> **WORK INSTRUCTION**
For each record below, output its text exactly and skip any picture.

> **EXERCISE INPUT**
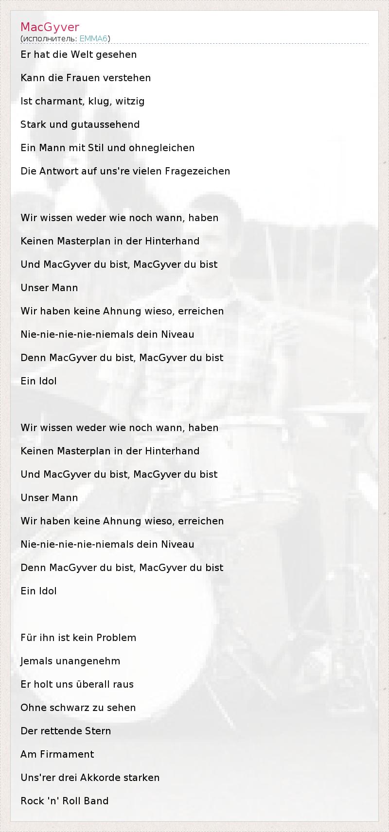 Er hat die Welt gesehen Kann die Frauen verstehen Ist charmant, klug, witzig Stark und gutaussehend Ein Mann mit Stil und ohnegleichen Die Antwort auf uns're vielen Fragezeichen Wir wissen weder wie noch wann, haben Keinen Masterplan in der Hinterhand Und MacGyver du bist, MacGyver du bist Unser Mann Wir haben keine Ahnung wieso, erreichen Nie-nie-nie-nie-niemals dein Niveau Denn MacGyver du bist, MacGyver du bist Ein Idol Wir wissen weder wie noch wann, haben Keinen Masterplan in der Hinterhand Und MacGyver du bist, MacGyver du bist Unser Mann Wir haben keine Ahnung wieso, erreichen Nie-nie-nie-nie-niemals dein Niveau Denn MacGyver du bist, MacGyver du bist Ein Idol Für ihn ist kein Problem Jemals unangenehm Er holt uns überall raus Ohne schwarz zu sehen Der rettende Stern Am Firmament Uns'rer drei Akkorde starken Rock 'n' Roll Band
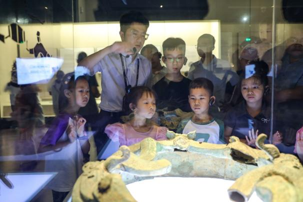 飯后,“小候鳥(niǎo)”們熱情不減,快樂(lè )奔赴安徽省博物院(新館)參觀(guān),緊緊跟隨者講解員的步伐,遨游在古皖大地的歷史長(cháng)河之中。商周青銅器、漢代畫(huà)像石、古代陶瓷器等一件件歷史文物、一幀幀歷史畫(huà)卷,訴說(shuō)著(zhù)過(guò)往的輝煌與滄桑,且館內采用高科技多媒體與游客互動(dòng),陳列的巖石標本、古生物化石令人感到震撼,充分激發(fā)了小朋友熱愛(ài)家鄉、探索科學(xué)的熱情。
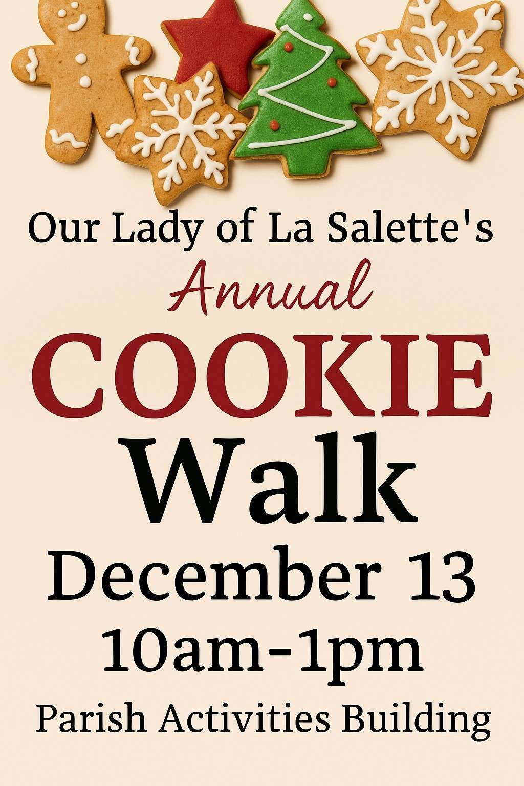 We will have coffee, tea, and hot cocoa along with treats to enjoy as we visit with our fellow parishioners.
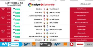 Read More »Kick-off times released for Matchday 18 of 2020/21 LaLiga!
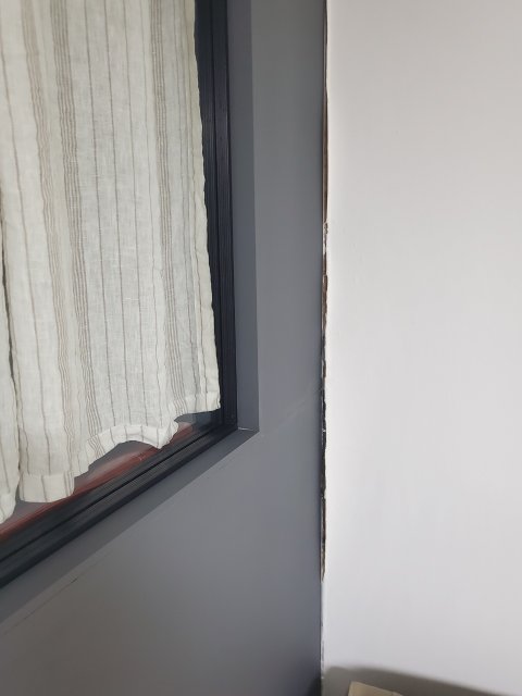본사에 연락하니 죄송하다고 공장에서 착오가 생겼다고 도배가 끝났으니 다시 설치는 힘들고 나무를 덧데어서 마감할수밖에 없다고 하더라고요

> **TASK SOLUTION**
 Er hat die Welt gesehen Kann die Frauen verstehen Ist charmant, klug, witzig Stark und gutaussehend Ein Mann mit Stil und ohnegleichen Die Antwort auf uns're vielen Fragezeichen Wir wissen weder wie noch wann, haben Keinen Masterplan in der Hinterhand Und MacGyver du bist, MacGyver du bist Unser Mann Wir haben keine Ahnung wieso, erreichen Nie-nie-nie-nie-niemals dein Niveau Denn MacGyver du bist, MacGyver du bist Ein Idol Wir wissen weder wie noch wann, haben Keinen Masterplan in der Hinterhand Und MacGyver du bist, MacGyver du bist Unser Mann Wir haben keine Ahnung wieso, erreichen Nie-nie-nie-nie-niemals dein Niveau Denn MacGyver du bist, MacGyver du bist Ein Idol Für ihn ist kein Problem Jemals unangenehm Er holt uns überall raus Ohne schwarz zu sehen Der rettende Stern Am Firmament Uns'rer drei Akkorde starken Rock 'n' Roll Band
 飯后,“小候鳥(niǎo)”們熱情不減,快樂(lè )奔赴安徽省博物院(新館)參觀(guān),緊緊跟隨者講解員的步伐,遨游在古皖大地的歷史長(cháng)河之中。商周青銅器、漢代畫(huà)像石、古代陶瓷器等一件件歷史文物、一幀幀歷史畫(huà)卷,訴說(shuō)著(zhù)過(guò)往的輝煌與滄桑,且館內采用高科技多媒體與游客互動(dòng),陳列的巖石標本、古生物化石令人感到震撼,充分激發(fā)了小朋友熱愛(ài)家鄉、探索科學(xué)的熱情。
 We will have coffee, tea, and hot cocoa along with treats to enjoy as we visit with our fellow parishioners.
 Read More »Kick-off times released for Matchday 18 of 2020/21 LaLiga!
본사에 연락하니 죄송하다고 공장에서 착오가 생겼다고 도배가 끝났으니 다시 설치는 힘들고 나무를 덧데어서 마감할수밖에 없다고 하더라고요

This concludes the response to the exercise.